Germany0Started 2020-06-29
Plain-language summary
This study is an adaptive, randomized, open-label, controlled clinical trial, performed worldwide in collaboration with WHO and INSERM.
Who can participate
Age range
18 Years
Sex
ALL
See this in plain English?
AI-rewrites the medical criteria so a patient or caregiver can understand them.

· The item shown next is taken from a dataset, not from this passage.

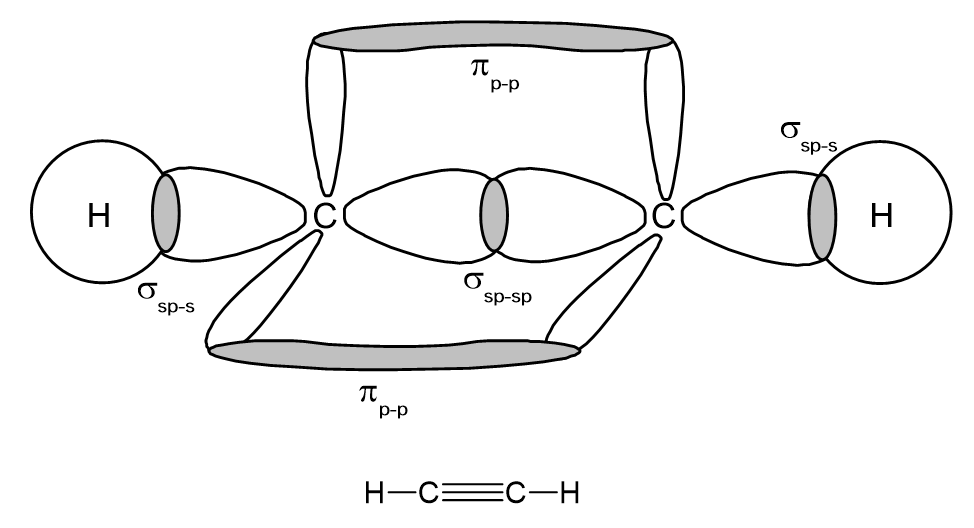 Representa la molécula de acetileno (etino) según el modelo de hibridación de orbitales atómicos e indica el tipo de enlaces que se establece entre los distintos átomos.

Always confirm with the trial site.
Inclusion Criteria:
* Patients 18 years and older
* Current SARS-CoV-2 infection
* Admitted to the hospital ward or the ICU due to COVID-19
* SpO2 \<= 94% on room air OR oxygen demand OR breathing support
* Written informed consent obtained
Exclusion Criteria:
* Patient's non-consent or inability to informed consent
* Pregnant or breastfeeding women.
* Subjects pretreated with one of the study drugs in the past 29 days
* Anticipated transfer within 72 hours to a non-study hospital
* Severe co-morbidity with life expectancy \< 3 months
* AST or ALT \> 5 times the upper limit of normal
* Stage 4 severe chronic kidney disease or requiring dialysis
* Contraindications and known intolerance to any of the study drugs
* Subjects participating in a potentially confounding drug or device trial
* Any reason why the patient should not participate (investigator's opinion)

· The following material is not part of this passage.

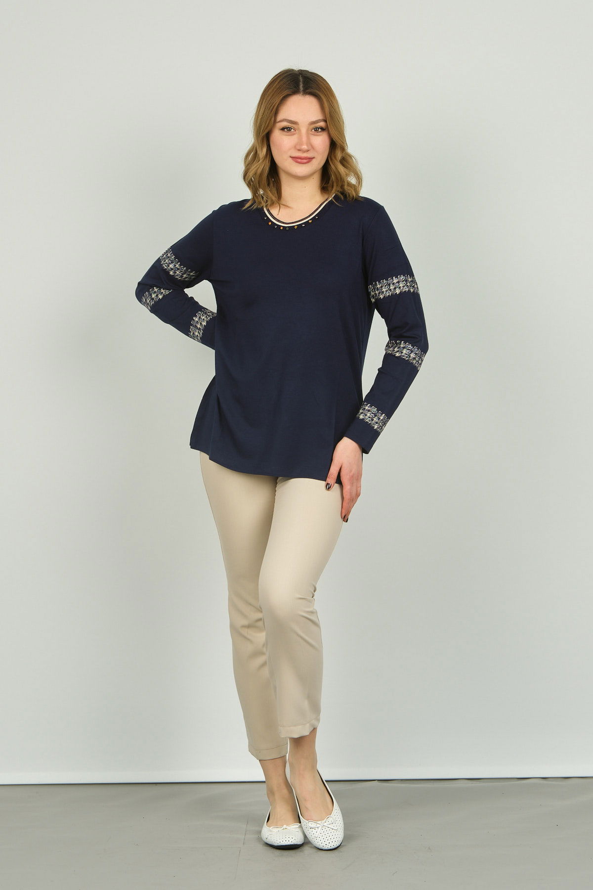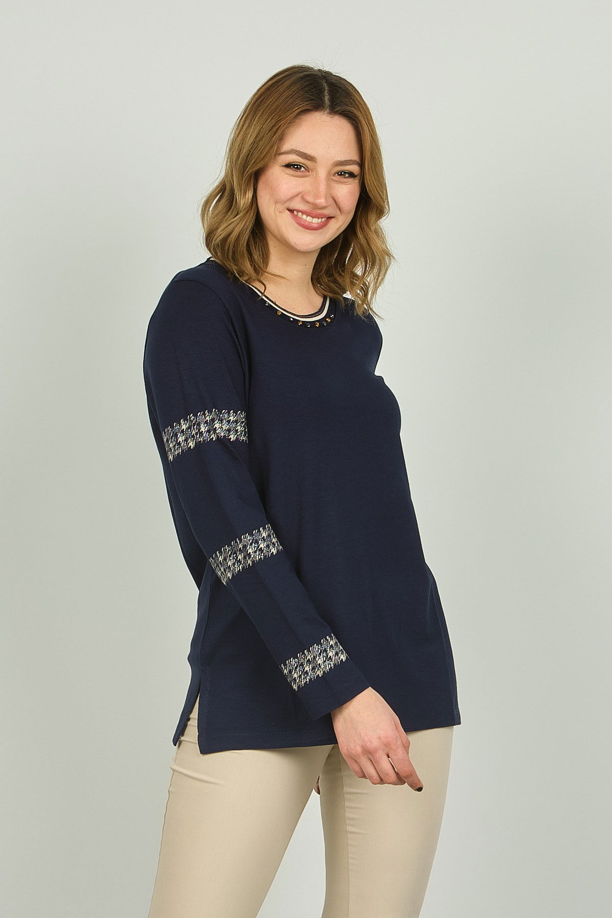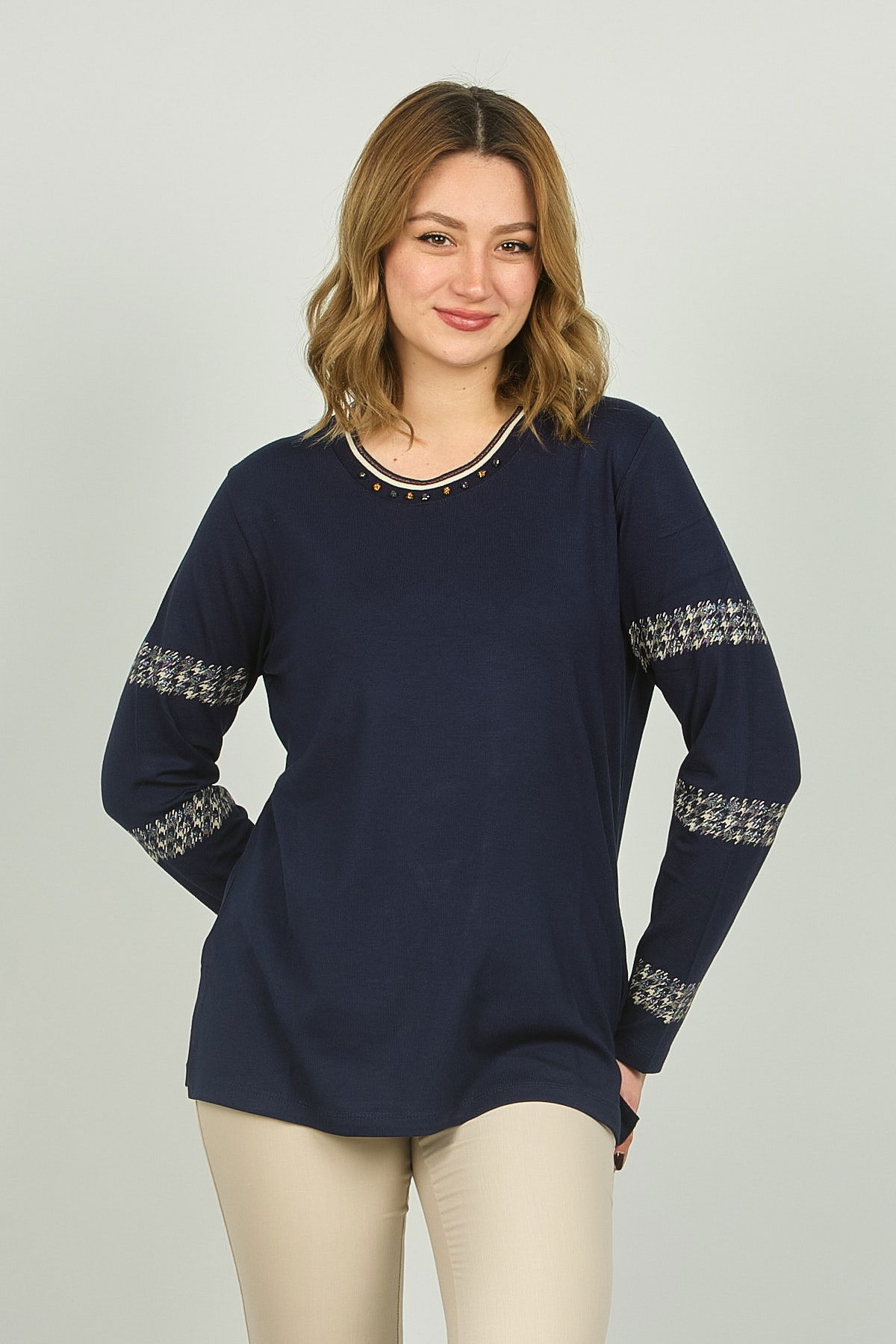 Detay: Bisiklet yaka, taş detaylı, uzun kol bluz;

Questions worth asking your doctor
Bring these to your next appointment. They're a starting point for a shared conversation — not a sign you qualify or a recommendation to enrol.
1Based on my diagnosis and history, is this trial worth exploring for me — or is there a standard treatment we should try first?
2What does this trial's phase tell us about how much is already known about its safety and benefit?
3What would taking part actually involve for me — visits, tests, time, and travel?
4What are the known and possible risks or side effects I should weigh, and how would they be monitored?
5If this trial isn't the right fit, what other options or trials would you suggest I look into?
Generated to help you prepare — always confirm anything about your own eligibility and care with the study team and your doctor.
Questions for the trial coordinator
The trial coordinator is the person who runs the study day to day. These cover the practical side — logistics, costs, and what taking part would actually mean for your life. The study team confirms whether you meet the criteria; these are questions to ask, not a sign you qualify.
1What does taking part actually involve week to week — how many visits, where, and how long does each one take?
2What costs are covered by the study, and what might I have to pay for myself, including travel, parking, or time off work?
3What happens during screening, and what happens if the study team confirms I don't meet the criteria after those tests?
4Who pays for the scans, blood work, and other tests the trial requires — the study, my insurance, or me?
5How will being in the trial affect my regular care, and will my own doctor stay informed and involved?
6Can I leave the trial at any point if I change my mind, and what would happen to my care if I do?
A starting point for the conversation — always confirm anything about your own eligibility, costs, and care with the study team and your doctor.
What they're measuring
1
Improvement of clinical status on the ordinal 7-point severity-scale at day 15.